ISET - Rosso : Un élevage durable qui améliore le mode de vie des villageois

C'est en 2014 que le SGP (Small Grant Program)/FEM/PNUD qui ne finançait jusque-là que des ONG a ouvert son guichet à des institutions de recherches et le projet 'Démonstration pour un élevage durable se basant sur les cultures fourragères et la valorisation des sous-produits agricoles' piloté par l'Institut Supérieur d'Enseignement Technologique de Rosso (ISET-Rosso) est le premier projet en partenariat avec une institution universitaire.

 

Le projet résulte d'un souci d'aider les populations de cinq villages (jedida 1, Jedida 2, Toulel 1, Toulel 2 et Toulel 3) situés près de l'ISET-Rosso à améliorer leur mode de vie. Les populations seront Impliquées dans tout le processus de mise en œuvre du projet depuis sa conception et sa planification jusqu'à son évaluation finale. Ces éleveurs vont bénéficier d'un encadrement qui, à court terme doit permettre d'améliorer considérablement les rendements de leur activité. L'objectif principal du présent projet sera d'améliorer la production laitière et la production de viande.

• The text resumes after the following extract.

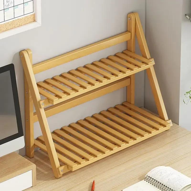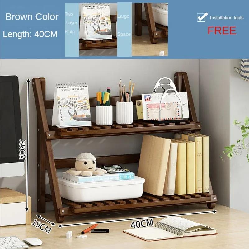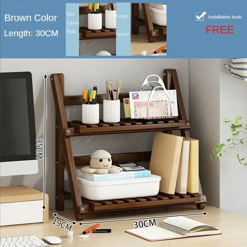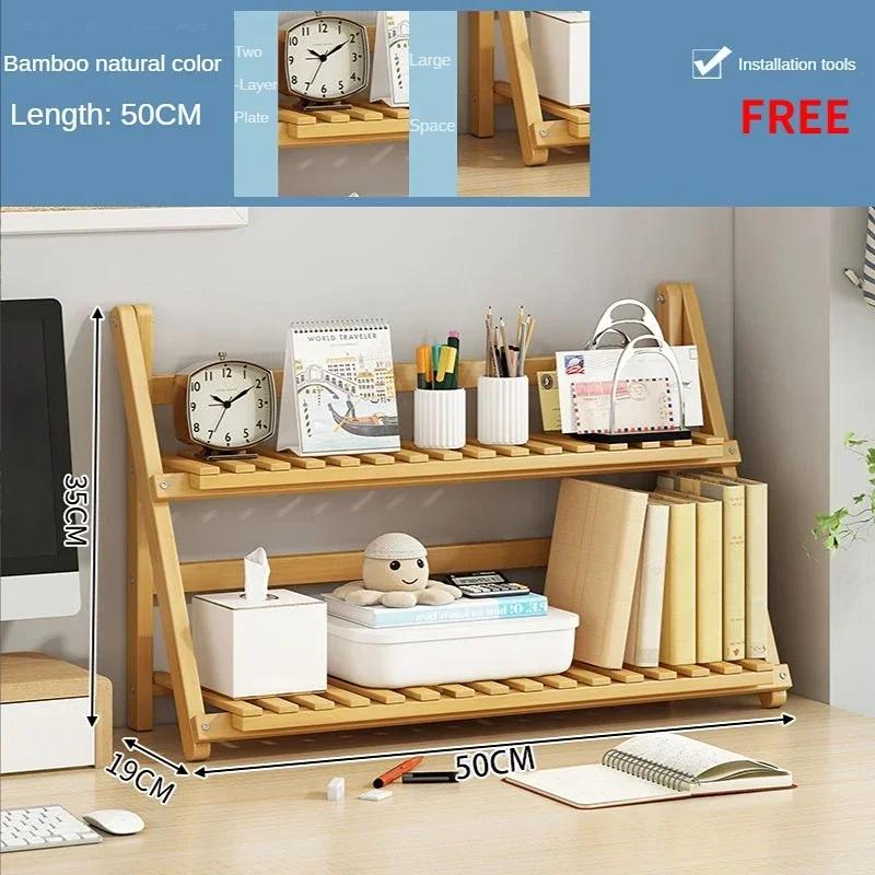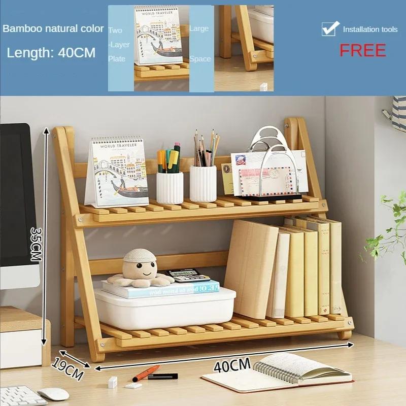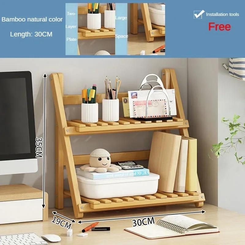 Бамбуковая стойка для хранения канцелярских принадлежностей и офисных многофункциональных мелочей с несколькими ярусами, простая и универсальная книжная полка

L'élevage extensif pratiqué jusqu'à présent par les éleveurs ciblés exerce une pression certaine sur l'environnement et engendre aussi des inconvénients dont la déscolarisation des enfants qui doivent suivre le troupeau constamment en transhumance. Le nombre de bêtes lui même constitue une charge financière considérable pour les éleveurs dont les dépenses sont difficilement couvertes par les rendements et tout cela dans un contexte où, avec le développement de l'agriculture les parcours se rétrécissent.

Afin d'éviter tous les problèmes ci-dessus, il faut nécessairement encourager les éleveurs à faire de l'élevage intensif en réduisant le nombre de bêtes et le coût des dépenses.

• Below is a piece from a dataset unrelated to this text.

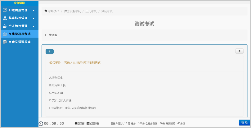 針對醫(yī)院等級評審和日常護理管理需要,護理在線學習與考試系統,可以方便地完成全程在線學習、考試、統計以及持續(xù)跟蹤,試題設置、一鍵下發(fā),在線學習、省心省力。

Prévu pour une durée de 18 mois, le projet a commencé ses activités en août 2014 par la série de formations ci-dessous :

  • Formation de dix (10) éleveurs sur la valorisation de sous-produits agricoles, les cultures fourragères, l'hygiène de traite et le suivi sanitaire des animaux etc...
  • Formation de neuf (9) membres du bureau dans les domaines de la gestion administrative financière et l'organisation.
  • Sept (7) membres du GIE crée par les villageois ont bénéficié d'une formation sur la transformation des déchets des animaux en fumier organique qui sera utilisé pour fertiliser le sol. Cette formation a été assurée par un expert Allemand du SES (Senior Experten Service) spécialiste dans ce domaine.
  • Huit femmes ont bénéficié d'une formation sur la valorisation et la transformation du lait cru en lait caillé et en yaourt.
  • Les éleveurs ont été initiés à la culture fourragère pour donner aux bêtes des aliments plus nutritifs. Les éleveurs ont été impliqués dans la production de maïs sur une superficie d'un ha.
  • Ces différentes sessions de formation ont permis aux villageois de s'imprégner de nouvelles techniques et de se les approprier pour pratiquer un élevage durable et plus rentable.

Le projet se propose aussi d'améliorer les races par le biais de l'insémination artificielle et de croisements avec des races étrangères. L'objectif est d'amener les éleveurs à atteindre des résultats similaires à ceux enregistrés à l'ISET, avec 2 vaches laitières qui produisent 32 à 34 litres par jour et d'un taureau amélioré de deux ans qui pèsent près de 500 kg.

D'ores et déjà certains objectifs sont atteints :

  • 70 éleveurs ont bénéficié du traitement gratuit de plus de 500 (cinq cents) animaux avec des produits de qualité,
  • 46 vaches ont été inséminées (les premières mises bas ont eu lieu). Une troisième campagne d'insémination va commencer incessamment.
  • Les éleveurs ont pu valoriser la production laitière et commercialiser le produit mis en bouteilles. Les femmes formées par le projet produisent à partir du lait cru un yaourt de meilleure qualité que le yaourt fait à partir du lait en poudre. Dans un premier temps le projet a supporté les charges de la transformation pour faciliter aux éleveurs l'accès au marché. L'ISET-Rosso compte même avec l'appui d'un bailleur installer dans les villages une unité de transformation qui doit permettre aux éleveurs de tirer un plus grand profit de leur production laitière.

Sur financement du projet, les éleveurs organisés en GIE devront construire un local totalement équipé où les réunions se tiendront régulièrement.